• [Information supplied]
-.-.-
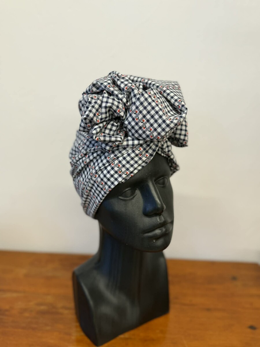 Turban w subtelnej kratce czarno-białej wyróżnia się delikatnym, klasycznym wzorem, który dodaje wyrafinowanego uroku bez przytłaczania stylizacji.
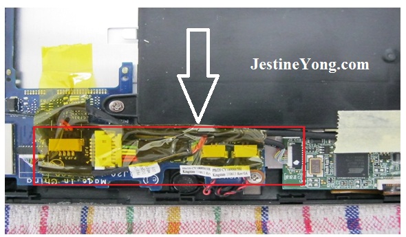 As you can see, it is tiny and it goes into a very crowded area. It has three pins for power control and two pin to hold it on board. It was not easy to do but I managed to solder it back on board using a fine point soldering head. The main problem, I could not fit exactly on the same location on board. It was slightly off but it was working fine. The moment I tried to put it back; it did not fit because the switch was too close to the plastic part that pushes on the power button. I had to file that plastic side off so it will fit on. After a careful filing of the plastic tip of the plastic part, I was able to fit it on perfectly. I put everything back and powered up the tablet, this came on.
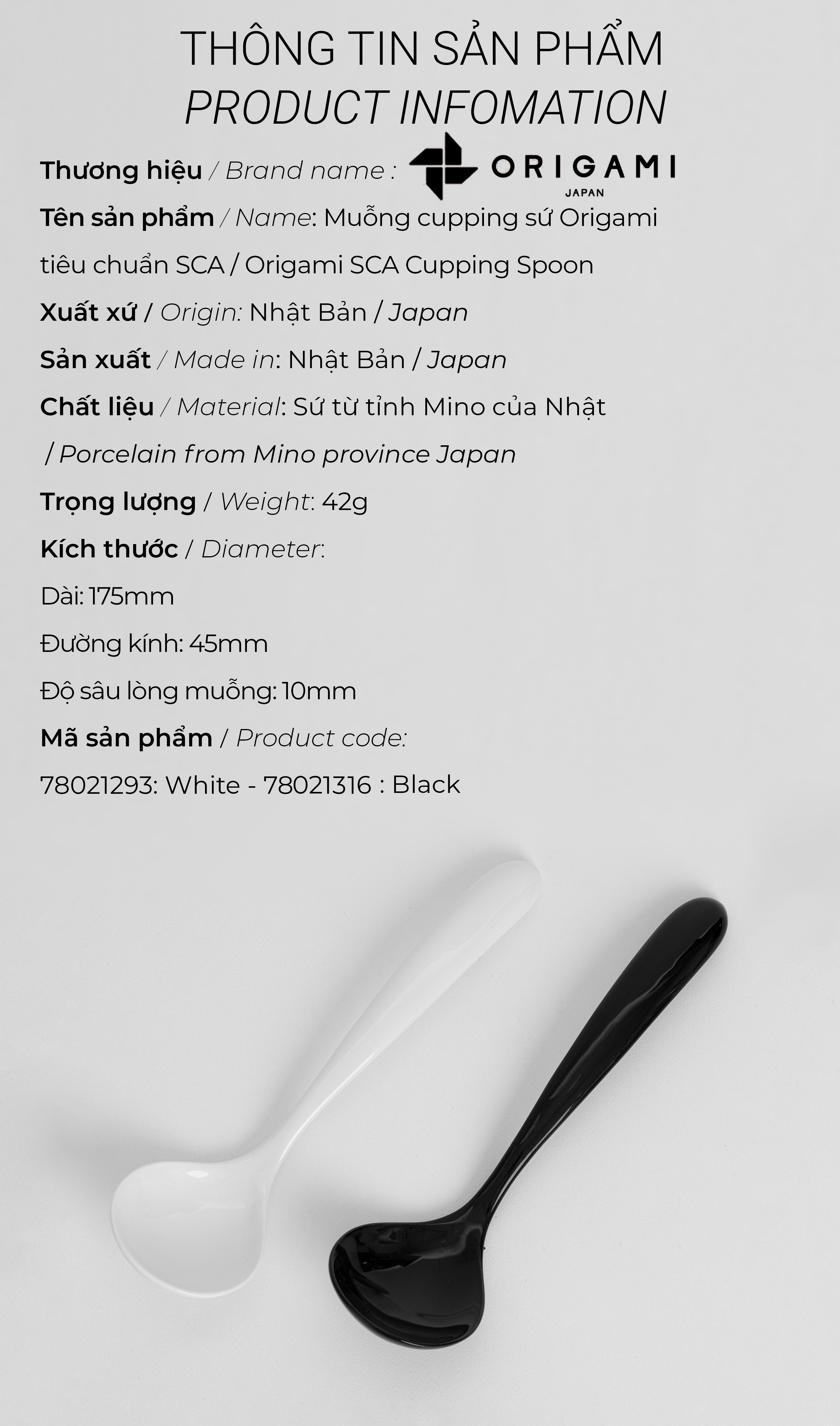 Mua tại TiktokMUỖNG CUPPING BẰNG SỨ THƯƠNG HIỆU ORIGAMI_MADE IN JAPAN Việc thử nếm cà phê bằng muỗng cupping giúp các barista đánh giá toàn diện nhiều mục như vị ngọt, chua, đắng, hương thơm và dư vị của cà phê. Tập trung hết thần kinh và đánh giá ly cà phê trước mặt. Không cần thiết kế quá mức tại thời điểm đó. Nó không cản trở các giác quan của nhân viên pha cà phê, mà nó giải phóng họ. ORIGAMI nhắm đến một chiếc muỗng cupping tối tân như vậy.
-.-.-
• [Try it]
All that is needed is an exact copy of the lines from the line with "As you can see, it" through the end of the listing, both ends included, with no pictures.

• [Task solution]
 As you can see, it is tiny and it goes into a very crowded area. It has three pins for power control and two pin to hold it on board. It was not easy to do but I managed to solder it back on board using a fine point soldering head. The main problem, I could not fit exactly on the same location on board. It was slightly off but it was working fine. The moment I tried to put it back; it did not fit because the switch was too close to the plastic part that pushes on the power button. I had to file that plastic side off so it will fit on. After a careful filing of the plastic tip of the plastic part, I was able to fit it on perfectly. I put everything back and powered up the tablet, this came on.
 Mua tại TiktokMUỖNG CUPPING BẰNG SỨ THƯƠNG HIỆU ORIGAMI_MADE IN JAPAN Việc thử nếm cà phê bằng muỗng cupping giúp các barista đánh giá toàn diện nhiều mục như vị ngọt, chua, đắng, hương thơm và dư vị của cà phê. Tập trung hết thần kinh và đánh giá ly cà phê trước mặt. Không cần thiết kế quá mức tại thời điểm đó. Nó không cản trở các giác quan của nhân viên pha cà phê, mà nó giải phóng họ. ORIGAMI nhắm đến một chiếc muỗng cupping tối tân như vậy.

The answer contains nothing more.